- [INSTRUCTIONS TO FOLLOW] From the records below, transcribe only the lines running from the one with "UED Cuevas del Almanzora (Almería)" through the one with "賽前體育老師工作分配及說明情形". Keep both of those end lines.

- [PROVIDED RECORDS]
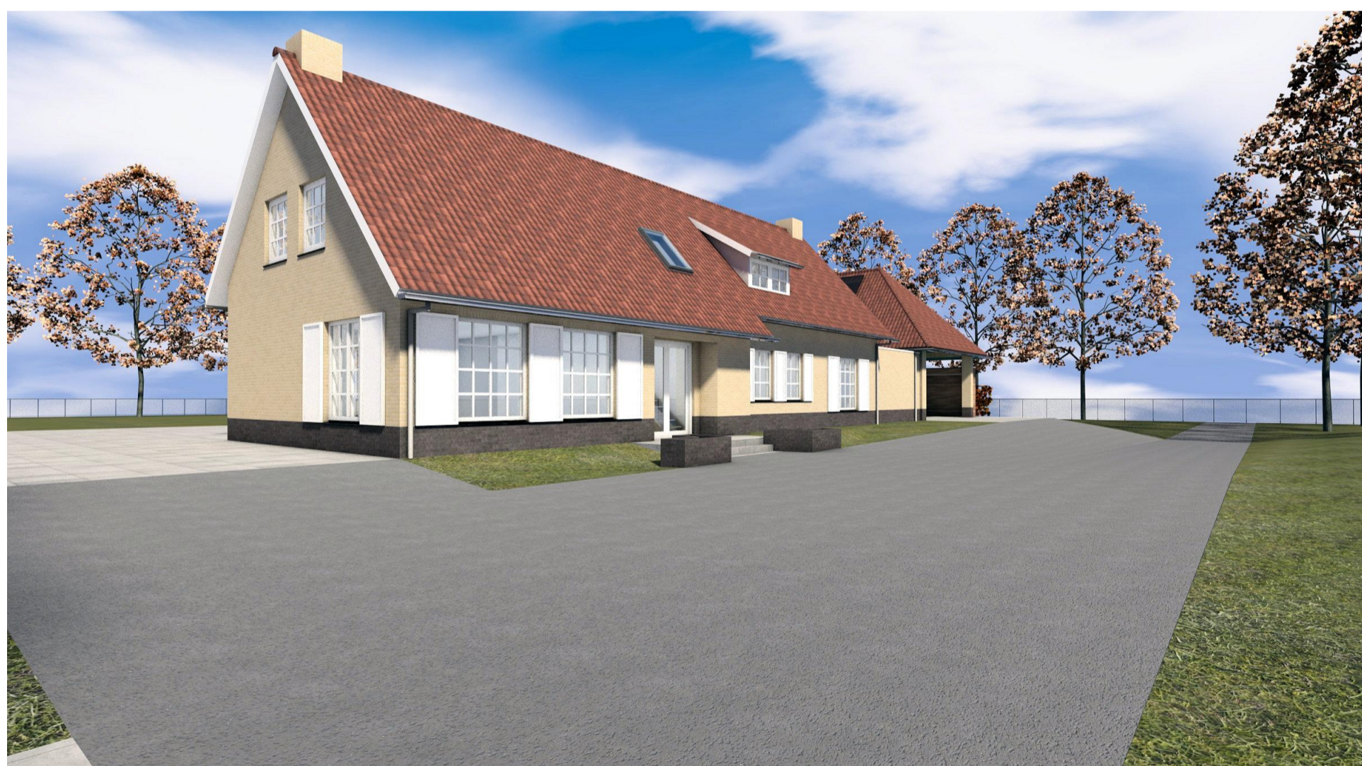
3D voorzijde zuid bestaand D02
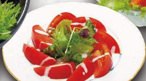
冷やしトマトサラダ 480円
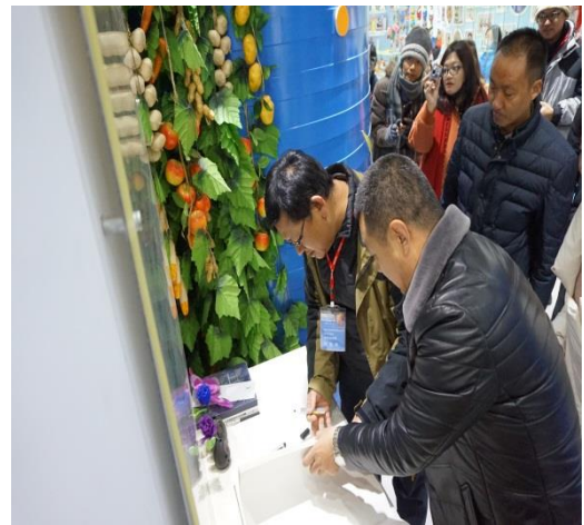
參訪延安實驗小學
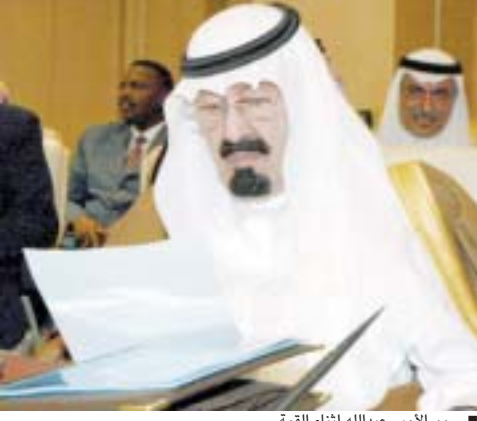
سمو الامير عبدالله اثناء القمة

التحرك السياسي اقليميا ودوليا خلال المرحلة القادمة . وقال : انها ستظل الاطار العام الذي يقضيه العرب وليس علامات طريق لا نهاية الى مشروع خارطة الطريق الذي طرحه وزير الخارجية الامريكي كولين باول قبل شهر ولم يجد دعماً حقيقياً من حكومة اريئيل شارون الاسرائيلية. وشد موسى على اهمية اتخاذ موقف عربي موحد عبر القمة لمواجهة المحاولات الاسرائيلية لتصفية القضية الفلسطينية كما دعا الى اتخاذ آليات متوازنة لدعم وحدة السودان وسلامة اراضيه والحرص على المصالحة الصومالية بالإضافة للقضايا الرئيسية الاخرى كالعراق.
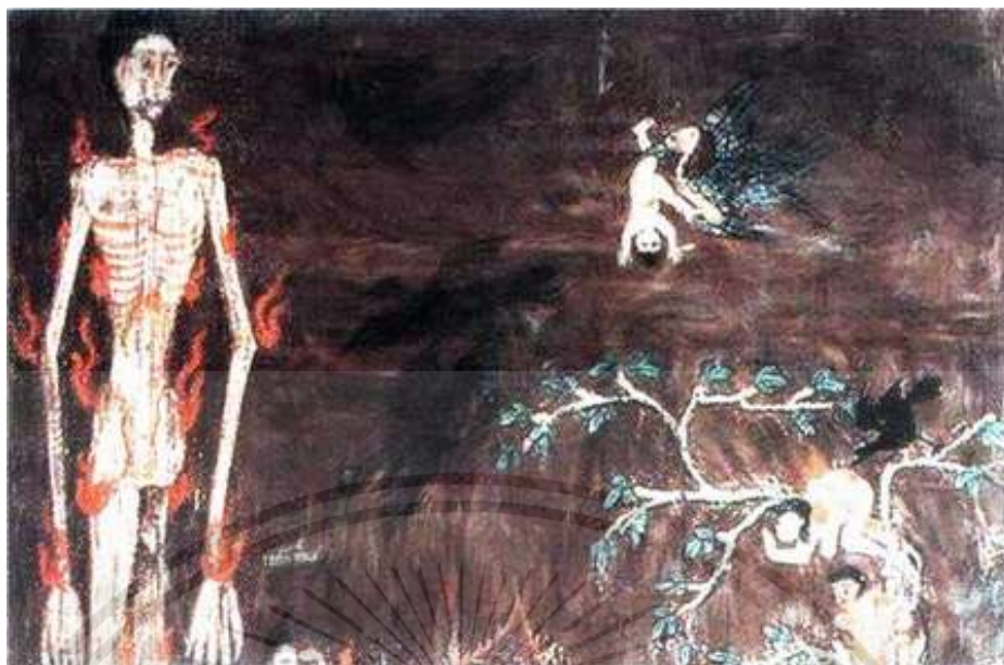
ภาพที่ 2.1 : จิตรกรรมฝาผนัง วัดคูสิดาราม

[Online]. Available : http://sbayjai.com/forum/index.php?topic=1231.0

* * *

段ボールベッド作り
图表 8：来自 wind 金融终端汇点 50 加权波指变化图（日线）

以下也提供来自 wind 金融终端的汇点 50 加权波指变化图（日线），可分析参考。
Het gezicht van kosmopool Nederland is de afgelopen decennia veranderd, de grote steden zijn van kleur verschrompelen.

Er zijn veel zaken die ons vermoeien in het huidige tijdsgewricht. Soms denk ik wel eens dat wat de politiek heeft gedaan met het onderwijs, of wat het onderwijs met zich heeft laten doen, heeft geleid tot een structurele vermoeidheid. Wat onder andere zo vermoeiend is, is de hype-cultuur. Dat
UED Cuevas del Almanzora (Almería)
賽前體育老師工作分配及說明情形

- [EXERCISE RESPONSE]
UED Cuevas del Almanzora (Almería)
賽前體育老師工作分配及說明情形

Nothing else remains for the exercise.